Protein over-expression can induce the elongation of cell membrane nanodomains

TL;DR

This study demonstrates that increasing protein concentration in cell membranes causes nanodomains to elongate, with implications for their biological function and potential applications in soft-matter systems.

Contribution

It combines analytical calculations, simulations, and experimental data to reveal how protein levels influence nanodomain shape in membranes, a previously unclear aspect.

Findings

Protein concentration correlates with nanodomain elongation.

Simulations and experiments agree on the elongation effect.

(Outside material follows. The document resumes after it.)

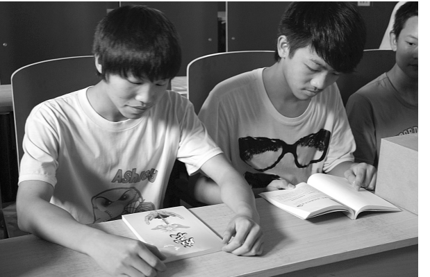
青少年认真地阅读《成长》

“我们计划在2011年达到2万人次的听讲人数目，现在已经达到了5541人。我们希望能真正地为青少年做一些事情，让他们快乐健康的成长。”

Protein abundance modulates nanodomain shape and function.

Abstract

In cell membranes, proteins and lipids are organized into sub-micrometric nanodomains of varying size, shape and composition, performing specific functions. Despite their biological importance, the detailed morphology of these nanodomains remains unknown. Not only can they hardly be observed by conventional microscopy due to their small size, but there is no full consensus on the theoretical models to describe their structuring and their shapes. Here, we use a combination of analytical calculations and Monte Carlo simulations based upon a model coupling membrane composition and shape to show that increasing protein concentration leads to an elongation of membrane nanodomains. The results are corroborated by Single Particle Tracking measurements on HIV receptors, whose level of expression in the membrane of specifically designed living cells can be tuned. These findings highlight that protein abundance can modulate nanodomain shape and potentially their biological function. Beyond biomembranes, this meso-patterning mechanism is of relevance in several soft-matter systems because it relies on generic physical arguments.